Start of Records for this task

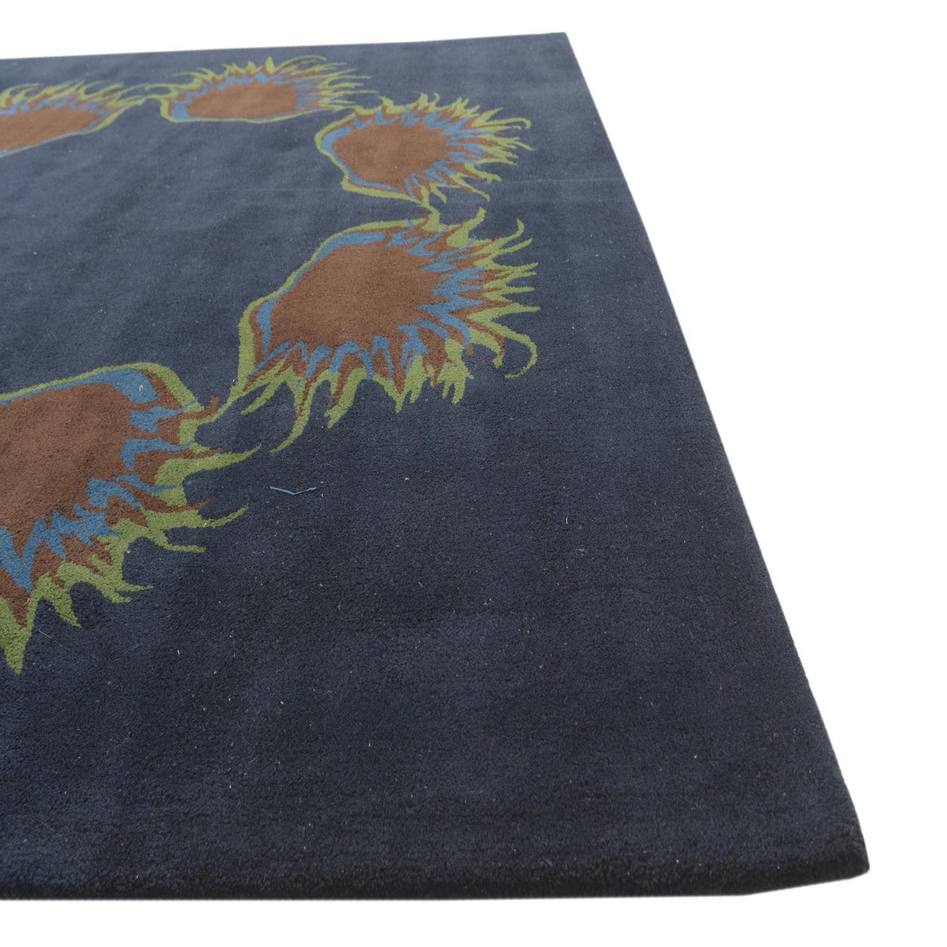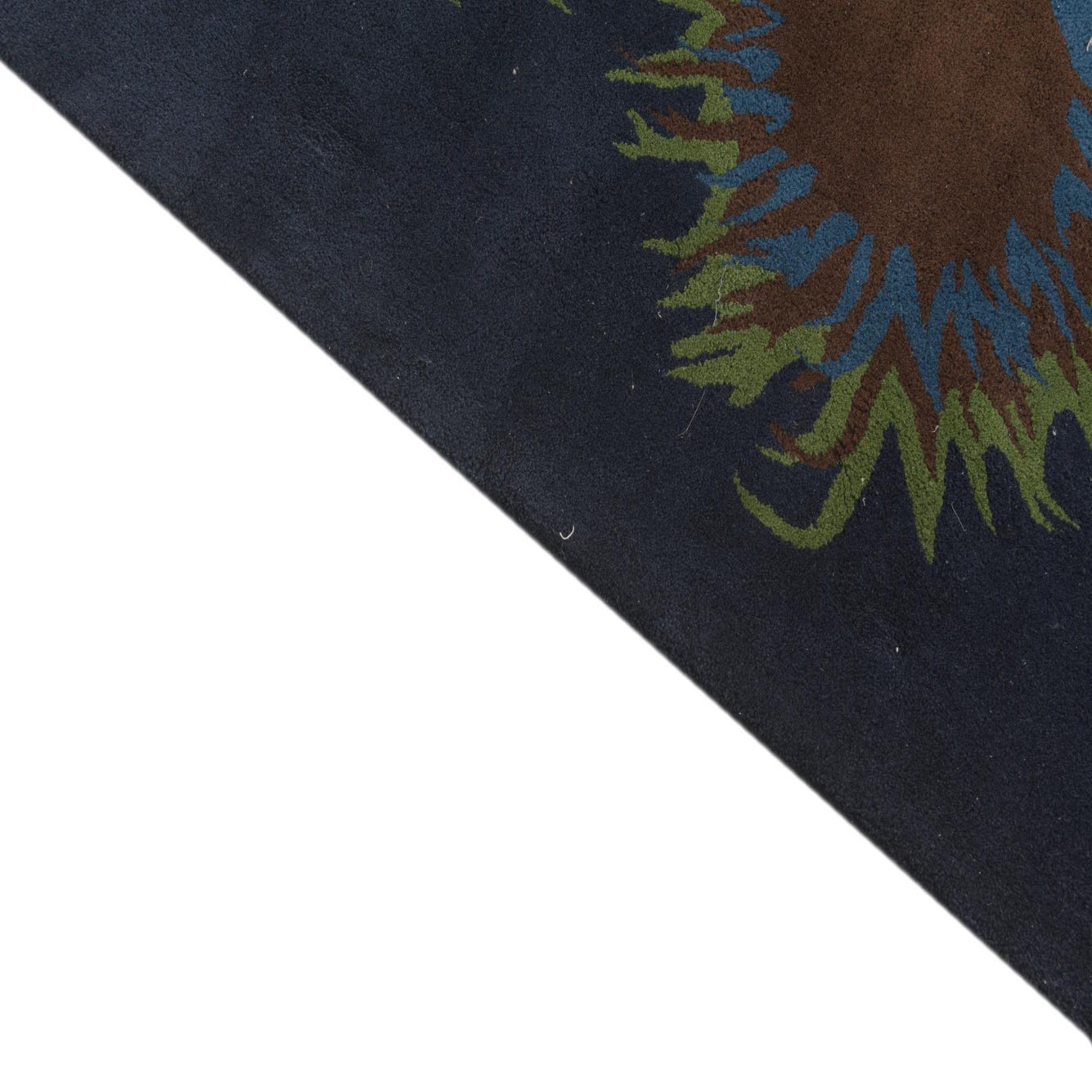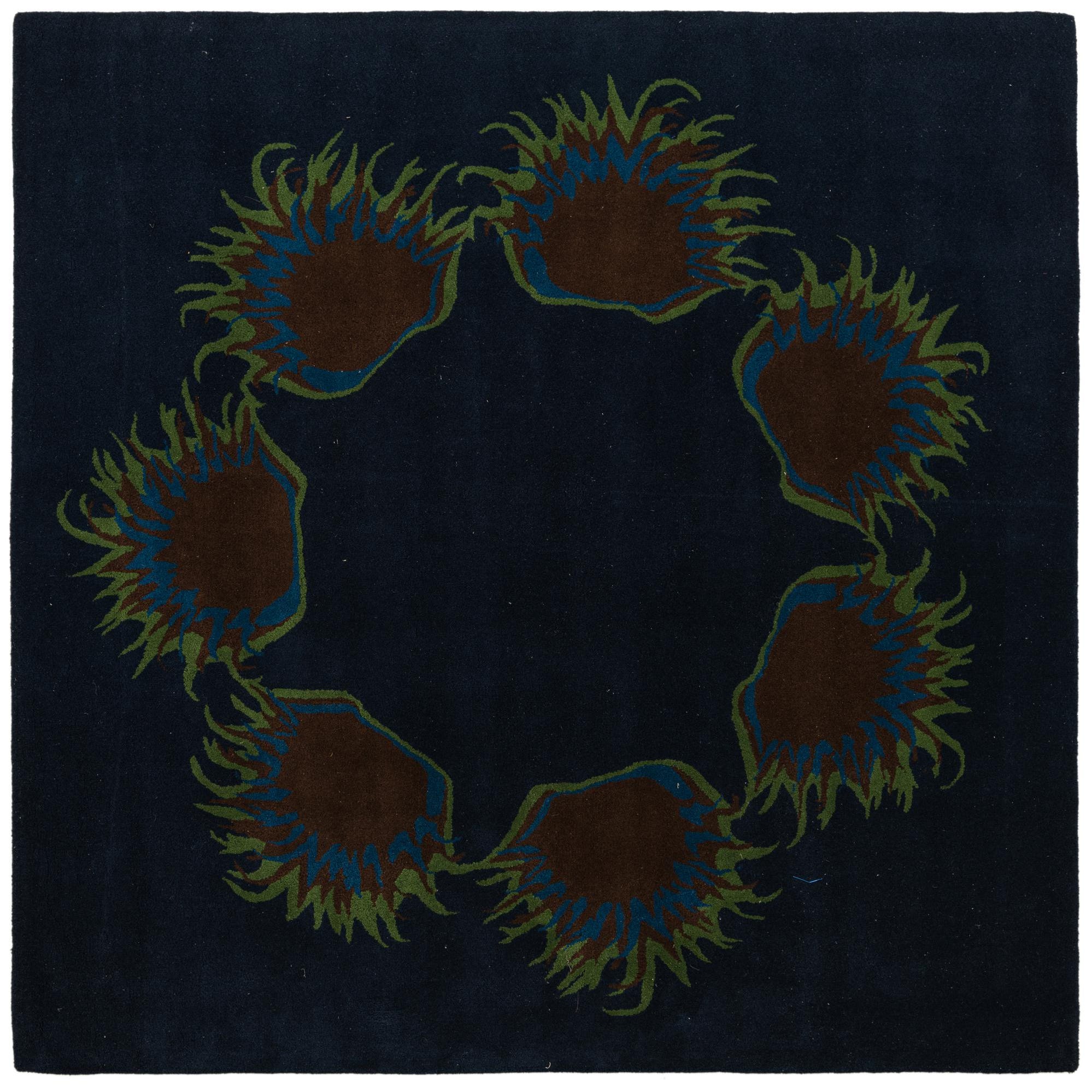 A square navy blue wool and cotton rug with a circular floral pattern of brown, green, and blue petals.
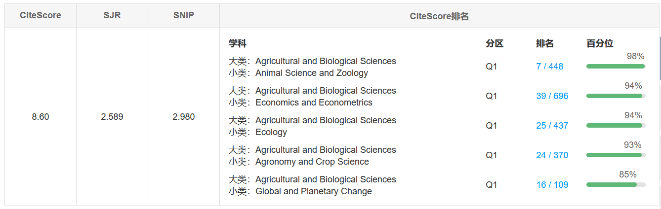 Canadian Journal of Agricultural Economics/Revue canadienne d'agroeconomie是农经领域的国际权威学术期刊(SCI&SSCI双收录),2021年影响因子为11.353,致力于探讨农业、环境、食品和资源经济学领域的学术研究,推动经济理论和方法的研究、分享和应用,以帮助解决社会的农业、食品和资源问题。该期刊在JCR 2021 AGRICULTURAL ECONOMICS & POLICY分区中排名第1。
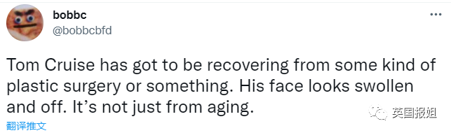 “阿汤哥是在整容恢复期还是什么,他的脸很肿很不对劲。不仅仅是因为衰老吧。”
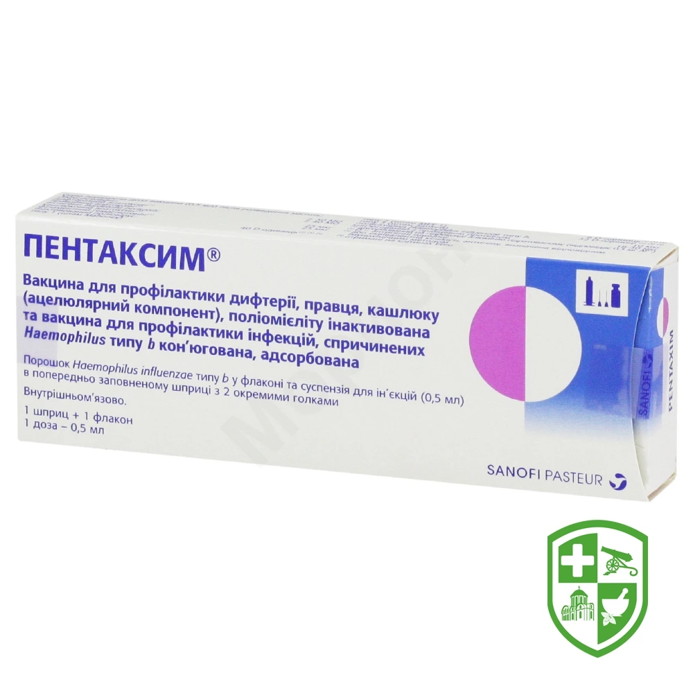 для курсу первинної імунізації немовлят віком від 2 місяців; для бустерної вакцинації через один рік після курсу первинної вакцинації протягом другого року життя.Вакцина Пентаксим® не забезпечує захисту від інфекцій, збудниками яких є інші типи Haemophilus influenzae, а також від менінгіту, викликаного іншими мікроорганізмами.
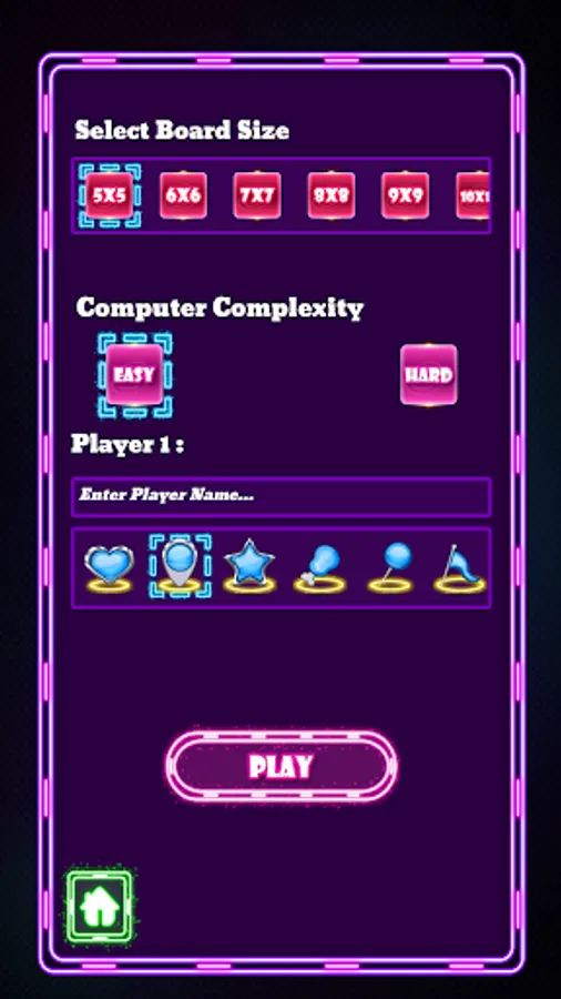 3. Multiple board sizes (from 5x5 dots to 10x10)
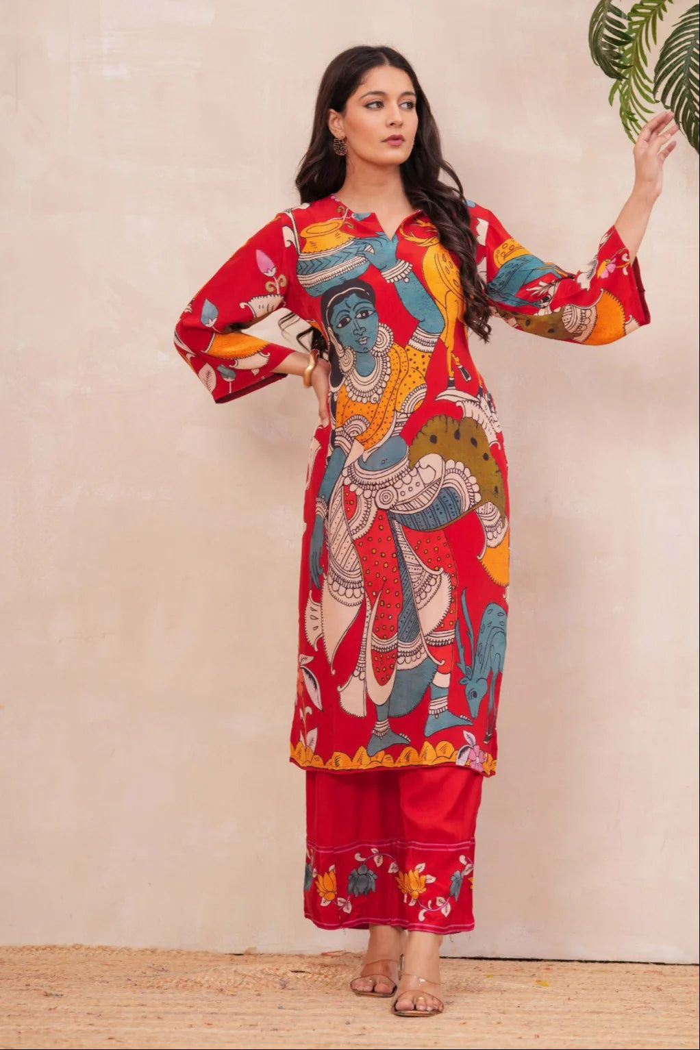 The Odissa Handmade Crepe Printed Kurta Pant Set embodies contemporary elegance with a hint of traditional artistry. Crafted from premium crepe, this ensemble offers a soft, smooth drape that flatters every silhouette. The kurta features a vibrant cadmium-inspired print that adds depth and sophistication, paired with coordinating pants for a polished and graceful look. Lightweight and comfortable, this handcrafted set is perfect for festive gatherings, daytime events, or casual celebrations.
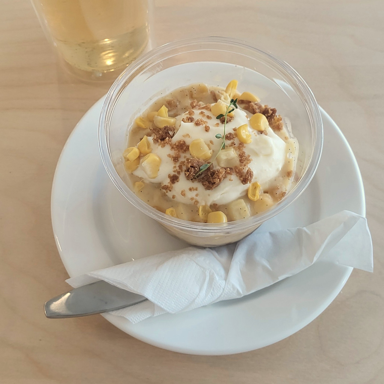 두 번째 방문했을 때에는 고대하던 옥수수 푸딩을 먹을 수 있었다. 푸딩이라고 하면 캐러멜 소스에 탱글한 일본식 푸딩을 생각할 수 있지만 미국의 바나나 푸딩처럼 크림 제형의 푸딩이었다. 아몬드 크럼블 위에 바닐라빈을 잔뜩 넣은 초당옥수수 커스터드 크림에 마스카포네 크림이 올라가 있었다. 옥수수로 만든 과자는 몇 입 먹으면 사료를 씹는 것 같아 쉽게 질려하는 편인데, 초당옥수수로 만든 푸딩은 컵을 핥을 기세로 먹을 만큼 맛있었다. 초당 옥수수 커스터드 크림은 묵직하면서 부드러웠고 느끼하지 않았다. 밑에 깔린 아몬드 크럼블은 커스터드 크림의 수분을 머금어 촉촉했다. 두텁게 올라간 마스카포네 크림, 다른 가게에서 초당옥수수 바스크 치즈케이크를 먹을 때에도 느꼈지만 옥수수는 정말이지 치즈와 잘 어울리는 작물인 것 같다.
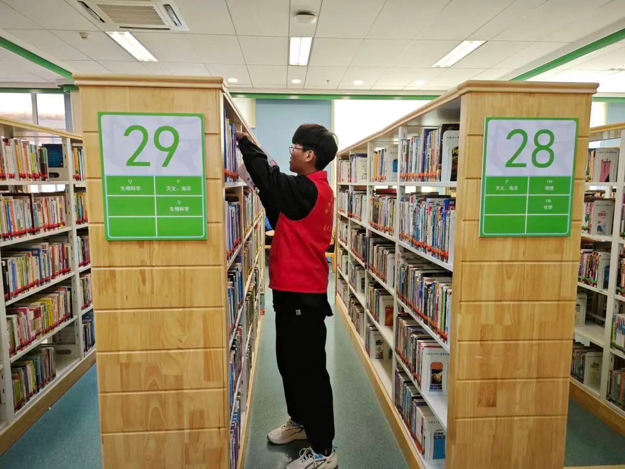 活动伊始,志愿者们与图书馆的工作人员进行沟通,进一步了解活动的具体任务与要求。随后志愿者们对图书馆的各个区域进行了实地考察,了解图书的分类和摆放规则。在志愿服务期间,志愿者们分工明确,各司其职,一起整理和分类了馆内图书,在整理图书的过程中,志愿者们互相交流经验,相互帮助解决问题,共同为图书馆的整洁和有序贡献自己的力量。整理完图书后,志愿者们积极参与读者服务工作,解答读者的咨询问题,指引他们找到所需的图书或资料。在与读者的交流中,志愿者们逐渐掌握了如何更好服务读者的技巧,并提供了有针对性的建议。

End of Records for this task

Task brief
What you return from the records above should be exactly everything from the line with "3. Multiple board" down to the line with "The Odissa Handmade", both kept, and no pictures.

Response
 3. Multiple board sizes (from 5x5 dots to 10x10)
 The Odissa Handmade Crepe Printed Kurta Pant Set embodies contemporary elegance with a hint of traditional artistry. Crafted from premium crepe, this ensemble offers a soft, smooth drape that flatters every silhouette. The kurta features a vibrant cadmium-inspired print that adds depth and sophistication, paired with coordinating pants for a polished and graceful look. Lightweight and comfortable, this handcrafted set is perfect for festive gatherings, daytime events, or casual celebrations.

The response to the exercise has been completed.